E ti accorgevi di quanto grande fosse l’amore per tuo figlio e del suo per te; di quanto fosse facile essere felici anche
senza muoversi, anche se per respirare meglio, era necessario stare in posizione orizzontale. E scopri un mondo,
quello della disabilità, fatto da persone speciali che ogni giorno combattono per migliorare la propria vita; e scopri la
solidarietà, l’affetto e il sostegno delle altre famiglie che hanno già vissuto quello che stai vivendo tu. Ma ti rendi,
terribilmente, conto di quanto faccia paura la malattia alle persone che convenzionalmente vengono definite “sane”;
scopri la solitudine, gli sguardi curiosi di chi vede tuo figlio disteso su un passeggino rialzato e ti chiede se non hai
paura che cada per terra; scopri quanti ostacoli ci sono per le persone disabili, dalle pavimentazioni dissestate delle
strade ai marciapiedi stretti, alla mancanza di scivoli per accedere agli edifici.
In 10 mesi di vita, Emanuele ci ha fatto vedere con altri occhi, i suoi, la nostra esistenza e pur nel dolore più grande,
quello di perdere il proprio figlio, ci ha trasmesso la forza e la speranza di continuare a lottare anche per gli altri.
E in questo percorso difficile, c’è stato, di nuovo, l’incontro con la comunità di Marcallo con Casone, con la sua
amministrazione, le sue associazioni e i suoi cittadini che sabato 23 febbraio hanno dato vita alla “Festa della
Solidarietà” per raccogliere fondi per combattere il mostro..
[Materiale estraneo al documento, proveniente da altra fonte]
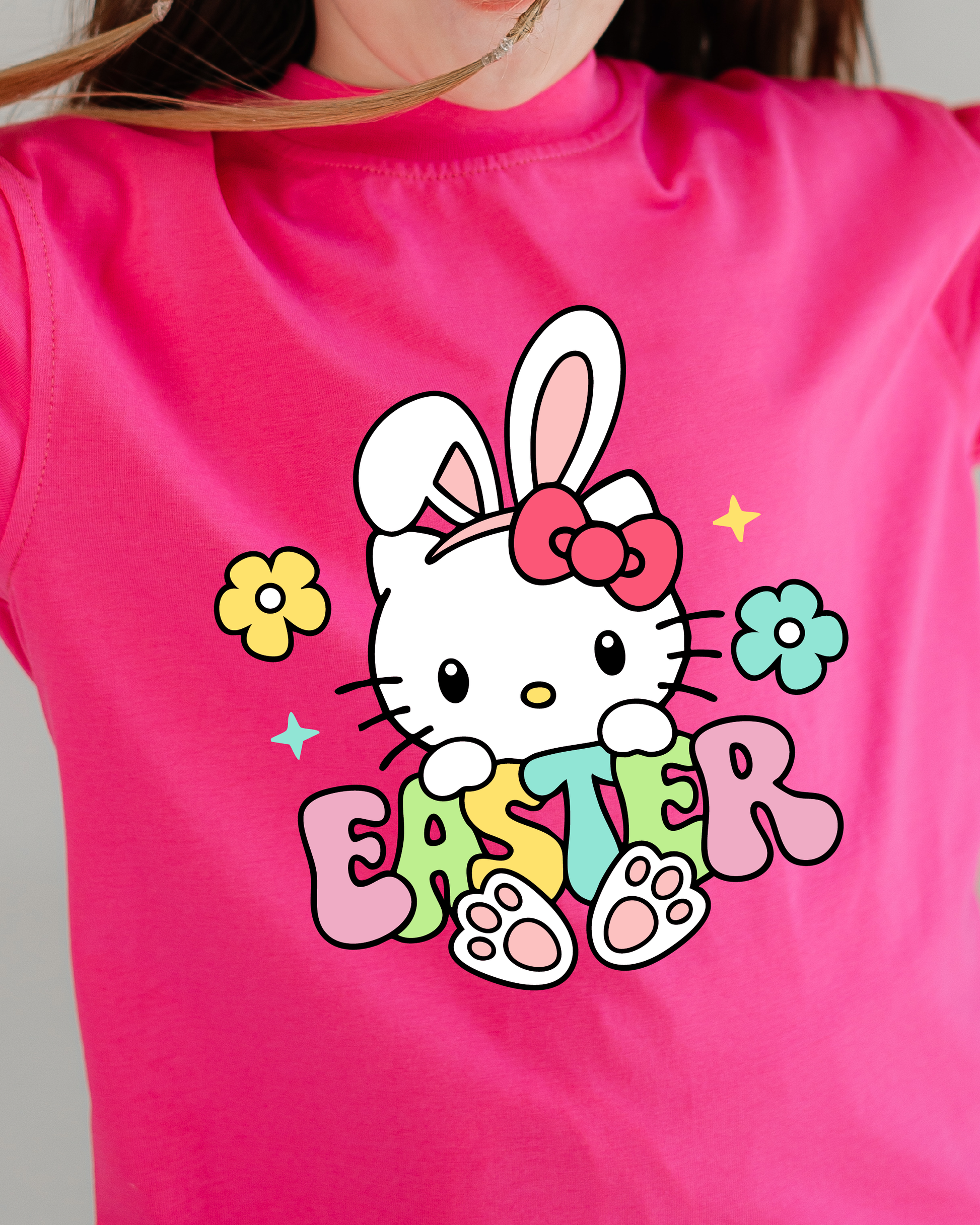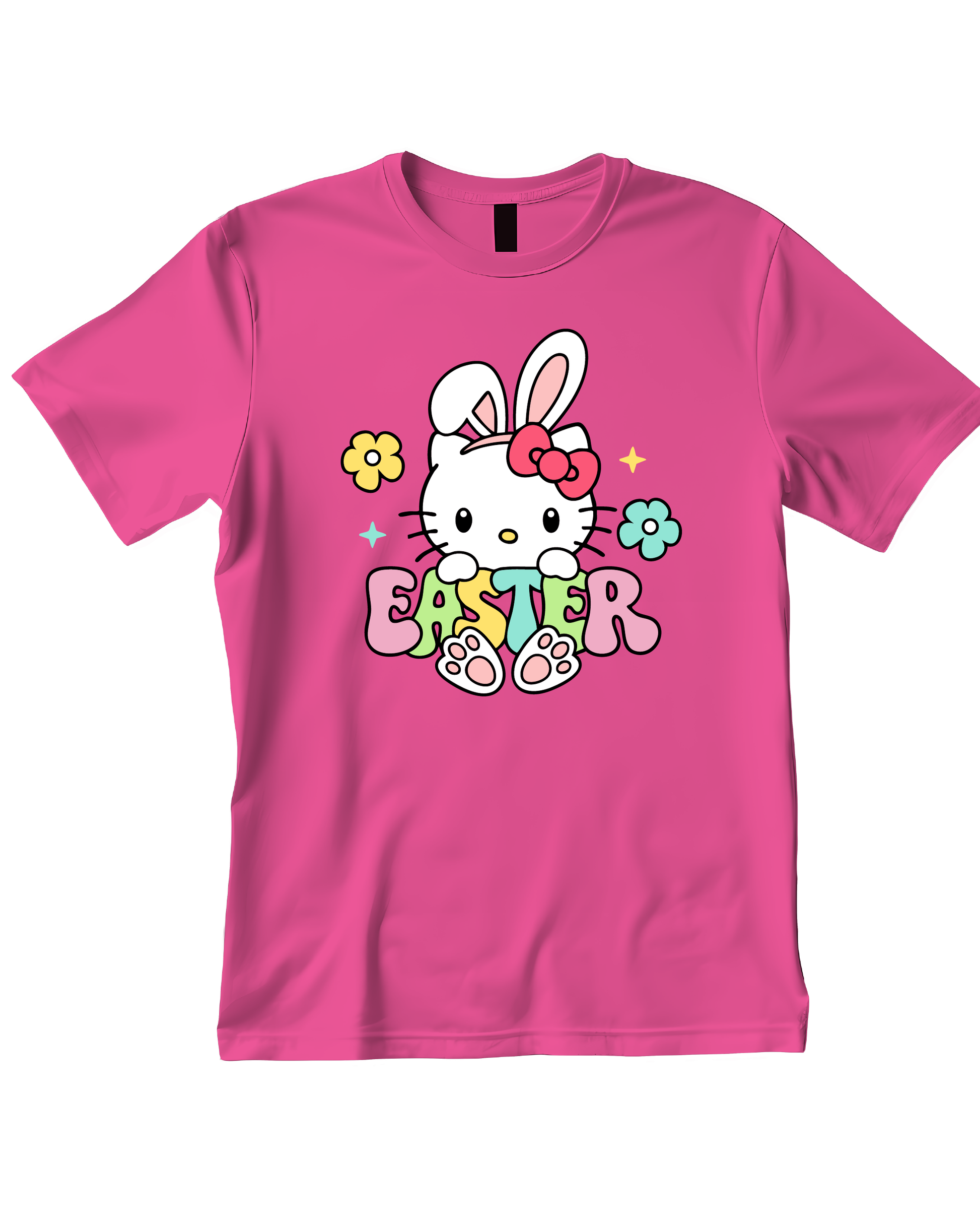 Hermosa playera fucsia con diseño de Hello Kitty Pascua

Sono stati raccolti € 3.154,00 e € 300,00 da parte dell’Avis! Come era stato anticipato, € 2.300 sono stati donati
all’Associazione Tommaso Boneschi Onlus, costituita dai genitori del piccolo Tommaso, la restante parte al Sapre,
per portare avanti progetti di sostegno alle famiglie con bambini SMA.
Per questo, a nome nostro e di tutti i genitori SMA, vi ringraziamo, di cuore, per il vostro affetto e la solidarietà
dimostrata.
Ci auguriamo che anche grazie alle notizie che vi abbiamo fornito con questo scritto, abbiate più informazioni sulla
SMA e possiate trarne beneficio per poter prevenire l’irrompere di questa malattia. E, infine, speriamo che da ora in
poi quando guarderete il cielo e vedrete le stelle più luminose, penserete che sono gli occhi dei bimbi SMA che ci
stanno guardando e aiutando a continuare a vivere; che stanno illuminando il cammino per aiutare gli altri bimbi
come loro e i loro genitori, per non farli sentire soli in questa lotta; per non permettere alla malattia di distruggere il
loro ruolo di genitori; per far sapere che basta poco, davvero poco, per essere solidali.
Grazie ancora a tutti per l’attenzione.